Exercise
Write out only the lines from the line containing "ASOS DESIGN knitted" to the end of the listing below, both included, exactly as they stand. Drop the pictures.

Records
* * * * * * *

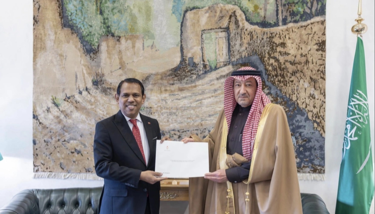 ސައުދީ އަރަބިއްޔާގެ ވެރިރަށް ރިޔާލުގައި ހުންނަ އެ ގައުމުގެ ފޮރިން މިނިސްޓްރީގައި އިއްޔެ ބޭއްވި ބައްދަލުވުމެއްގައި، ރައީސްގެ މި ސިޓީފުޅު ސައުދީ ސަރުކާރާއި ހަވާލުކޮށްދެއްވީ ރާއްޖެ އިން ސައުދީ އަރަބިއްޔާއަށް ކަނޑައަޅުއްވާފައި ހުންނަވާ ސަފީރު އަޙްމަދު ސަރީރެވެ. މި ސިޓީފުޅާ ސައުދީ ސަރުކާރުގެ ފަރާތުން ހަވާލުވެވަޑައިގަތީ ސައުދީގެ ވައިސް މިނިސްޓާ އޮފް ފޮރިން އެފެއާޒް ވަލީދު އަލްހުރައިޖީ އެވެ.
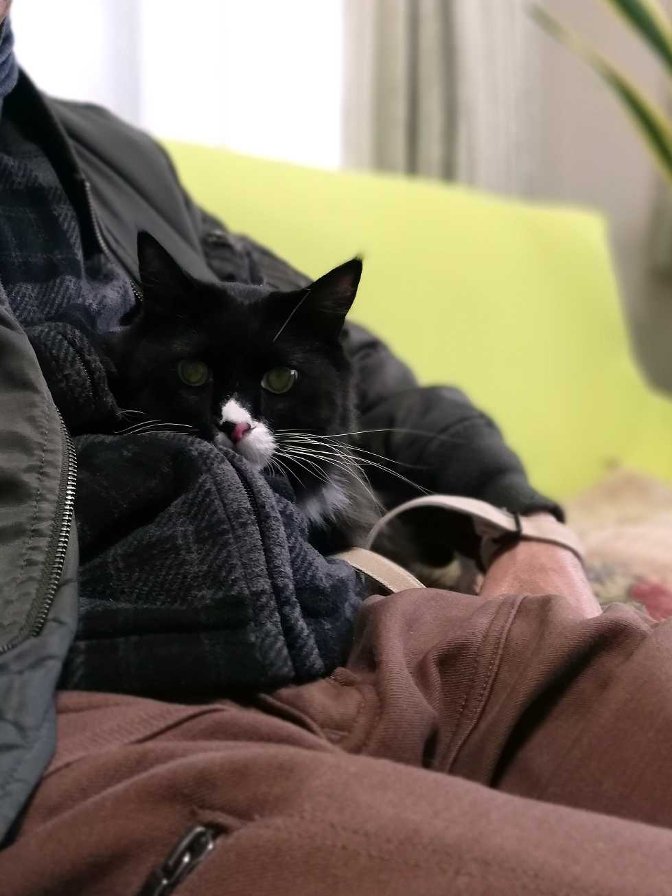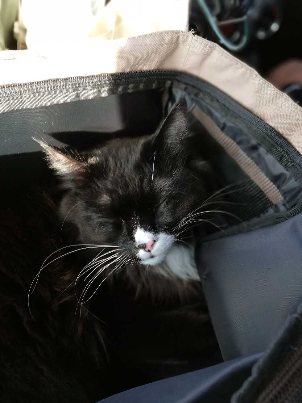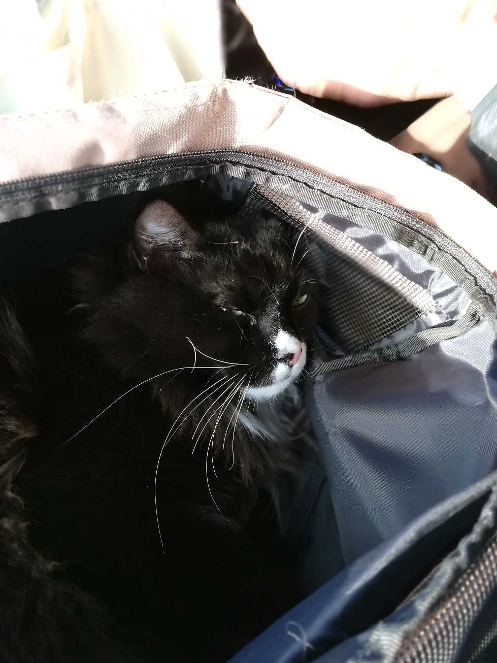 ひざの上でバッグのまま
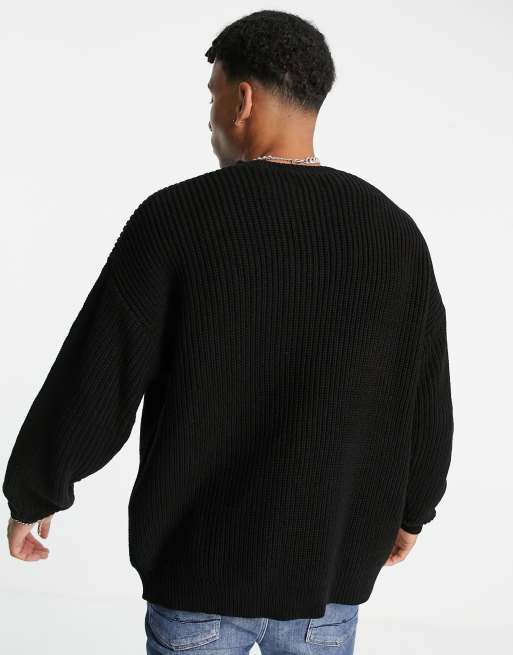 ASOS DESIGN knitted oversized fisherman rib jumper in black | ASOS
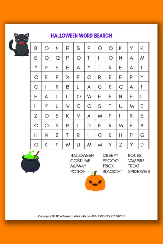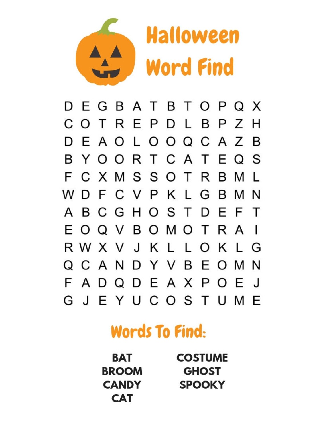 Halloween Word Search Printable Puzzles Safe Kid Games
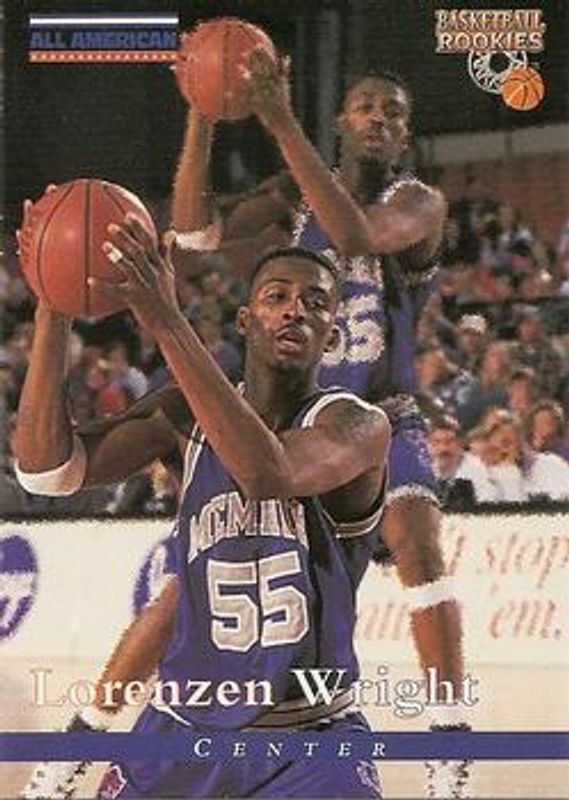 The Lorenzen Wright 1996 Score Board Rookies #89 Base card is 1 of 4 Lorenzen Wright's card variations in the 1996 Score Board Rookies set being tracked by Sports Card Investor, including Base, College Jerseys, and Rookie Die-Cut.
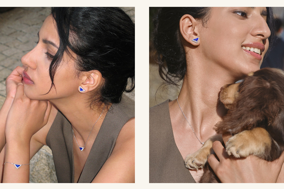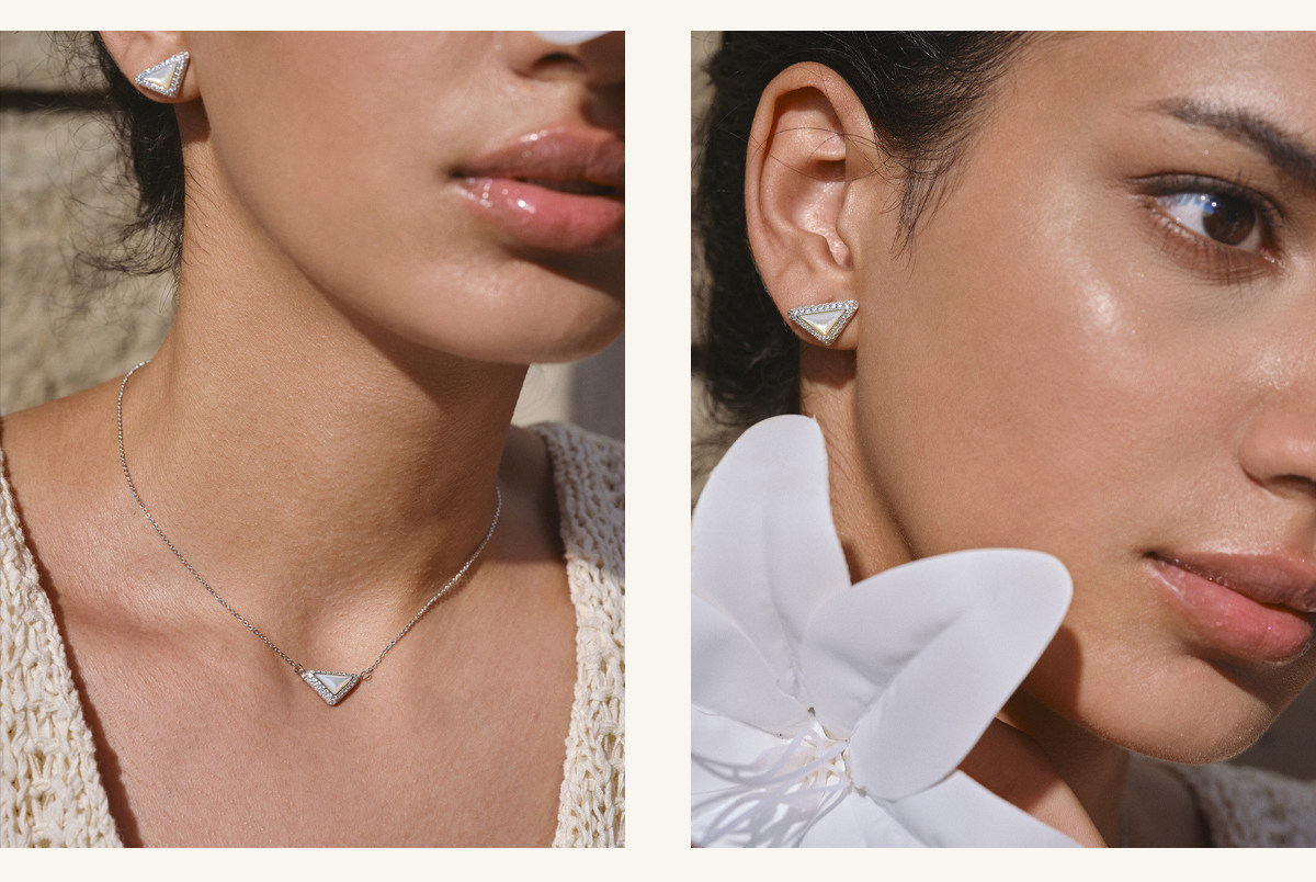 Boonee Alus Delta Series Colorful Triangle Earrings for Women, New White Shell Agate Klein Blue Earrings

* * * * * * *

Written response
 ASOS DESIGN knitted oversized fisherman rib jumper in black | ASOS
 Halloween Word Search Printable Puzzles Safe Kid Games
 The Lorenzen Wright 1996 Score Board Rookies #89 Base card is 1 of 4 Lorenzen Wright's card variations in the 1996 Score Board Rookies set being tracked by Sports Card Investor, including Base, College Jerseys, and Rookie Die-Cut.
 Boonee Alus Delta Series Colorful Triangle Earrings for Women, New White Shell Agate Klein Blue Earrings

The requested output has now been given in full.